Andrey Aleksandrovich Bazilevsky (Андрей Александрович Базилевский; born 24 February 1957) is a Russian politician serving as a senator from Khabarovsk Krai since 24 September 2021.

== Career ==

Andrey Bazilevsky was born on 24 February 1957 in Chegdomyn, Khabarovsk Krai.

In 1989 he graduated from Pacific National University. After graduation, he worked as a history teacher in the high school in Khabarovsk.

From 1993 to 1998 Bazilevsky served as Deputy Chairman of the Committee on Youth Affairs of the Administration of the Khabarovsk Krai.

From 1998 to 2006 he was the chairman of the committee on youth policy of the government of the region.

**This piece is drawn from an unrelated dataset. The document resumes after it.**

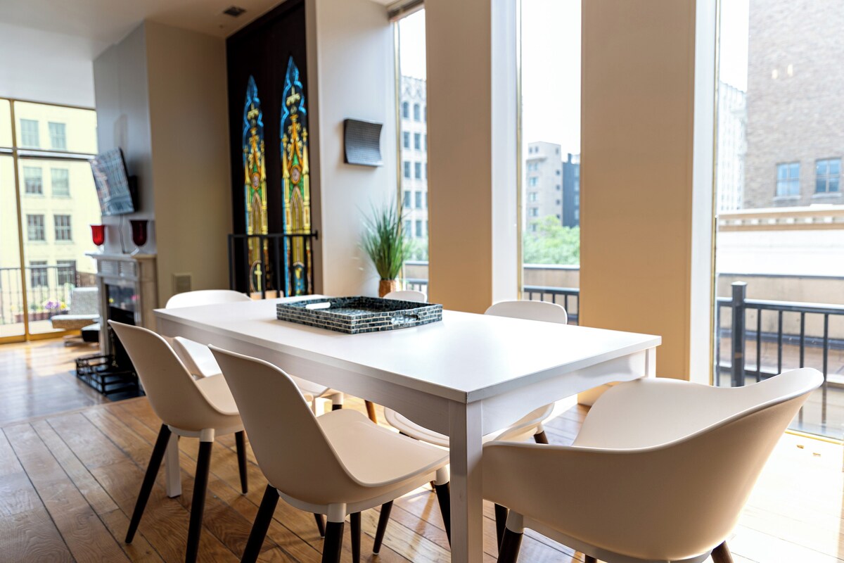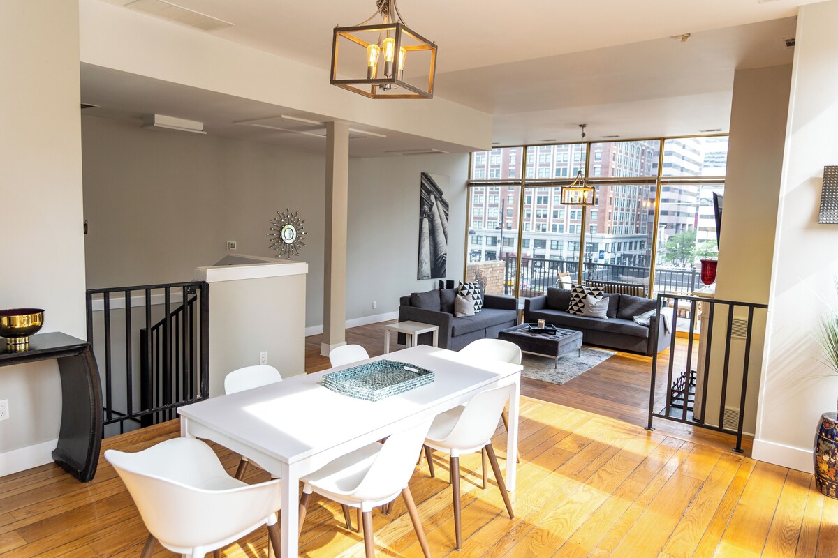 Welcome to your skyline sanctuary in the heart of Cincinnati! This unique and spacious penthouse (sleeps 8) offers sweeping panoramic views of downtown.

In 2007 he was appointed Minister of Education of the Khabarovsk Territory.

From 2011 to 2014 Bazilevsky was the Deputy Prime Minister and the Minister of Education and Science of the Khabarovsk Krai.

On 24 September 2021 he was appointed a senator from Khabarovsk Krai.

==Sanctions==
Andrey Bazilevsky is under personal sanctions introduced by the European Union, the United Kingdom, the USA, Canada, Switzerland, Australia, Ukraine, New Zealand, for ratifying the decisions of the "Treaty of Friendship, Cooperation and Mutual Assistance between the Russian Federation and the Donetsk People's Republic and between the Russian Federation and the Luhansk People's Republic" and providing political and economic support for Russia's annexation of Ukrainian territories.